A Black woman's journey from the Jonestown compound is finally being told in documentary No Church in the Wild, set to be released June 19 on YouTube.

Directed by Richmond Obeng, No Church in the Wild is based on Slavery Of Faith, No Church in the Wild, the 2009 memoir of Leslie Wagner-Wilson, one of the Black former members of Jim Jones' People's Temple and Jonestown in Guyana. Wagner-Wilson's memoir recounts her and her son's harrowing escape from the compound in 1978, where 900 people were killed, including Wagner-Wilson's mother, husband, sister, brother, nephew and niece.

According to the official description, the film will reveal how Wagner-Wilson and many other Black Americans, mostly Black women, were lured in by the promises stated by Jones.

Using archival footage and Wagner-Wilson's personal memories, Obeng showcases a never-before-seen perspective of one of the Jonestown massacre's only survivors while unpacking details that are often skipped over when the history of The People' Temple and Jonestown are discussed.

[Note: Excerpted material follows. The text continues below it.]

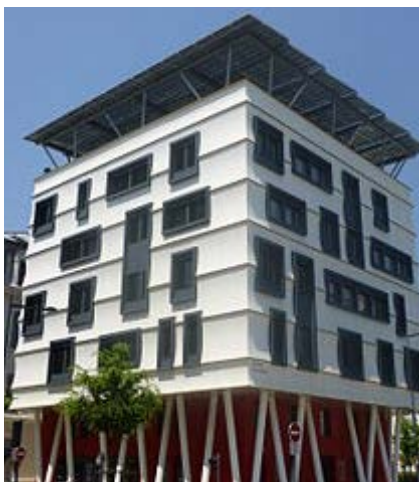
Vision d'un immeuble du futur

Of the 900 plus lives that were lost at Jonestown, more than 70 percent were Black. No Church In the Wild unpacks the intricate societal and cultural structures that were in place that allowed Jones to reel in so many Black American members, the majority of them, Black women. 

Obeng intimates that Wagner-Wilson's memoir gives voice to those Black members whose stories have gone untold.

Leslie takes control of The Peoples Temple narrative and offers her truths as a voice for so many of the deceased Black folks whose story has been relegated to the background of such a historic event,” he said in a statement.

The film is produced by Obeng, Lindsey Addawoo and Shadow And Act's Aramide Tinubu.